Du grand écran, Samuel Le Bihan est passé à la page blanche. Page blanche qu'il a noircie pour donner naissance à son premier roman, Un bonheur que je ne souhaite à personne (Flammarion). Une fiction qui raconte le combat d'une mère d'un enfant autiste.

Un masque de mère derrière lequel se cache Samuel Le Bihan, lui-même papa d'une petite fille porteuse d'autisme. "Le masque du personnage est quelque chose qui me va bien, qui correspond à mon ADN, à mon métier. J'ai toujours utilisé les personnages pour me dévoiler intimement. Là, c'était ma façon de me raconter", a confié l'acteur au micro de Nikos Aliagas sur Europe 1.
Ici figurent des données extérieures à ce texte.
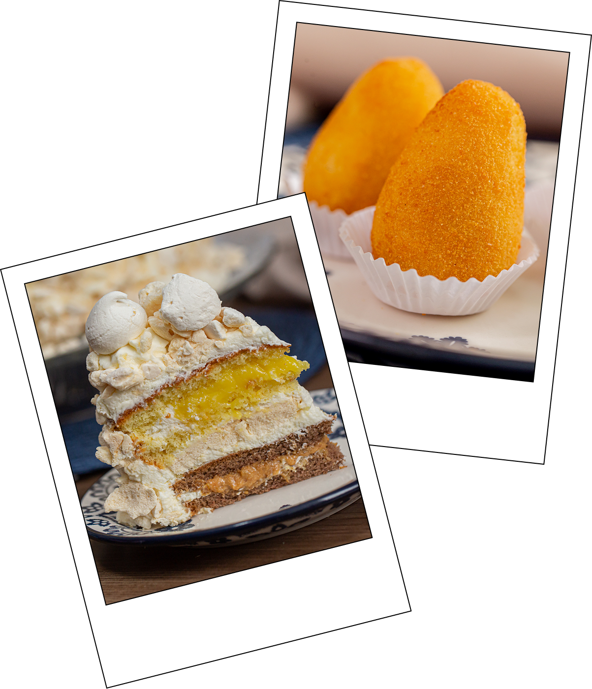 Além de ter uma das receitas do bolo Martha Rocha mais tradicionais de Curitiba e muitos outros doces no cardápio, nem só de açúcar vive a nossa confeitaria. Os salgados têm lugar bastante especial por aqui, com destaque para a nossa coxinha, premiada como uma das melhores da cidade pelo Prêmio Bom Gourmet. Elas são feitas individualmente, com uma massa feita de ingredientes especiais e secretos, e foram umas das primeiras coxinhas da cidade com recheio de camarão.
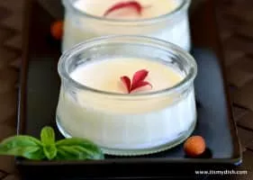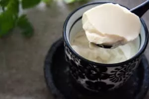 Annin tofu or almond tofu is a soft, jellied dessert made of apricot kernel milk, agar, and sugar. It is a traditional dessert of Beijing cuisine, Cantonese cuisine, and Japanese cuisine. It is similar to blancmange.
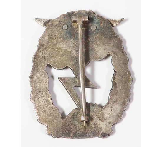 RD999.)LUFTWAFFE NUMBERED GROUND ASSAULT BADGE FOR 100 ENGAGEMENTS: very nice example of what would otherwise would be a fantasy badge as no numbered LW Grd Assault Badges were ever awarded although Forman maintains that some were indeed manufactured. Constructed of a quality silver alloy and heavily darkened with tarnish. Cloud motif and lightning bolt are silver frosted, show rainbow toning. Separately applied LW eagle device at top; two flat rivets on the back. Separately applied '100' shield on the back. Has a quality silver alloy hinge on the reverse, long pointed pin that's tapered. Reverse shows lots of rainbow tarnishing. EXC++++
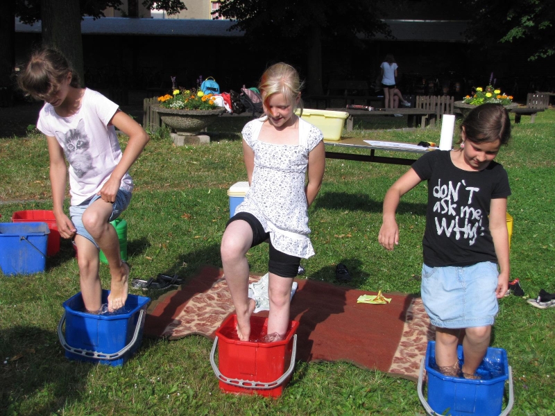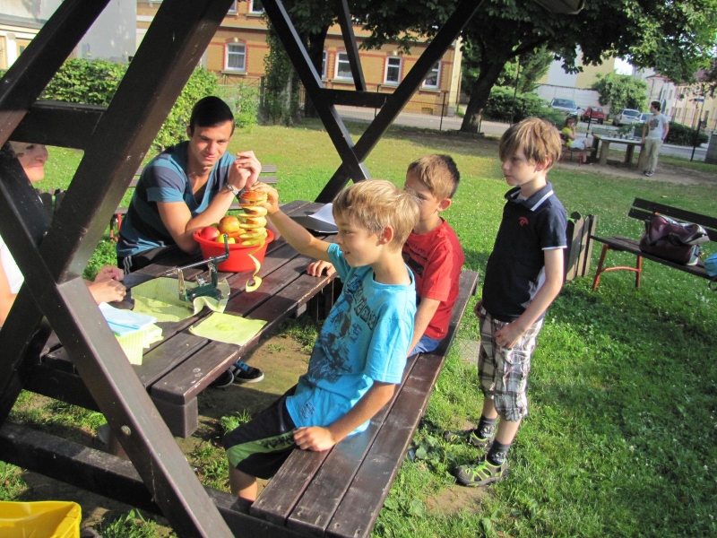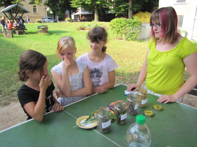 Nachdem wir am Montag zahlreiche Vorbereitungen für unseren Kneipp-Tag getroffen haben, nahmen die Grundschüler aus Lucka am Mittwoch, den 10. Juli, mit Begeisterung an unserem Projekt teil. Dabei konnten sie die fünf Säulen der Kneipp-Medizin kennenlernen und ausprobieren. Im Stationsbetrieb haben sie sich gesund ernährt, die heilende Kraft des Wassers gespürt, ihr inneres Gleichgewicht gefunden, ihren Körper in Aktion erlebt und die faszinierende Welt der Kräuter erfahren. Die Drittklässler hatten dabei sehr viel Spaß und haben viel Neues erlebt. Auch wir Schüler der 11. Klasse hatten viel Freude an der Arbeit mit den „Kleinen“.
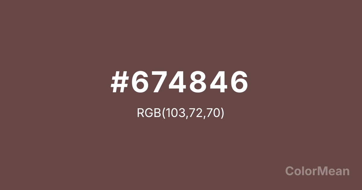 Rose Ebony (#674846) RGB value is (103, 72, 70). The hex color red value is 103, green is 72, and blue is 70. Its HSL format shows a hue of 4°, saturation of 19 percent, and lightness of 34 percent. The CMYK process values are 0 percent, 30 percent, 32 percent, 60 percent.
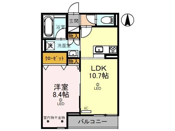 | 間取 | 1LDK (LDK:10.7帖・洋:8.4帖) |
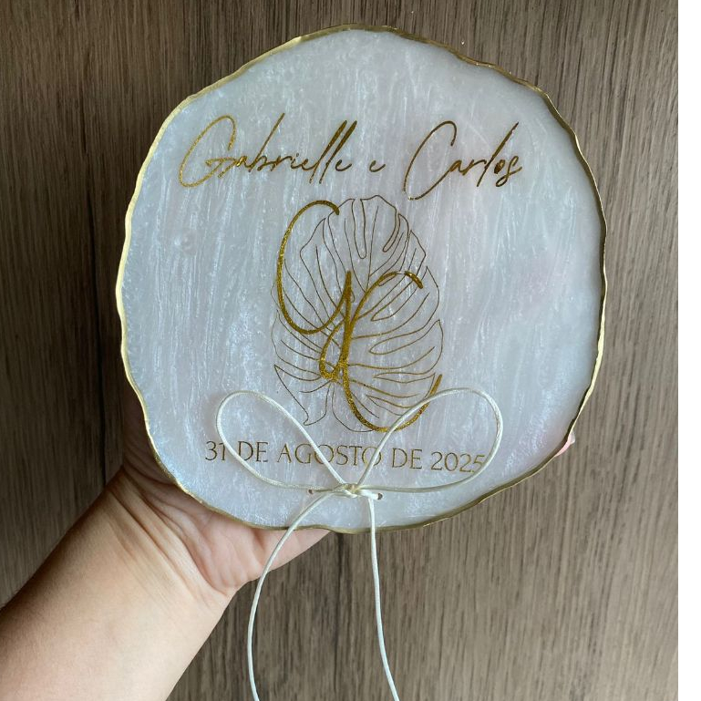 💍 Porta Alianças em Resina Personalizado 15/16cm – ACOMPANHA SUPORTE PLASTICO Estilo Geodo **SE ATENTE AS DATAS DE ENTREGA ANTES DA COMPRA ( no frio as peças estão demorando mais para secar , consequentemente os envios estão sendo no último prazo de entrega )** Torne seu grande dia ainda mais especial com um porta alianças exclusivo, feito à mão em resina no formato geodo redondo, com acabamento plano e abaulado. ✨ Características: Formato: Redondo estilo geodo, superfície abaulada ou plana Material: Resina de alta qualidade Personalização: Nome dos noivos + data do casamento (ou frase especial) Tamanhos: Aproximadamente 16 cm de diâmetro Cores disponíveis: Escolha entre tons clássicos, rosé, dourado, transparente com flores secas, etc. Detalhes opcionais: Inclusão de flores secas, brilho perolado ou folha dourada Ideal para: Casamentos, noivados, ensaios fotográficos e lembranças especiais 🎁 Diferenciais: Feito 100% artesanalmente com muito cuidado Cada peça é única! E UM NUNCA SERÁ IGUAL AO OUTRO Personalização gratuita Ótima opção de presente ou recordação Pode Ser usado como item decorativo após o evento 🚚 Entrega e Produção: Produto sob encomenda – prazo de produção: 15 dias úteis Envio para todo o Brasil com cuidado especial na embalagem Consulte condições de frete grátis ou brinde especial para compras acima de R$100,00 🛒 Como comprar: Escolha a cor desejada Envie os dados para personalização no chat após a compra Receba um produto exclusivo e feito com carinho 💖

"C'est l'inclusion qui permet l'autonomie et l'autonomie c'est le bonheur." Sous sa casquette de parrain de l'association "SOS autisme France", Samuel Le Bihan se bat pour une meilleure intégration des enfants autistes. "L'inclusion à l'école est essentielle" pour eux car "c'est là où on fait progresser l'enfant". "On vit toute sa vie avec l’autisme par contre, on peut progresser" en apprenant "à communiquer" ou à "aller vers l'autonomie". "C'est l'inclusion qui permet l'autonomie et l'autonomie c'est le bonheur."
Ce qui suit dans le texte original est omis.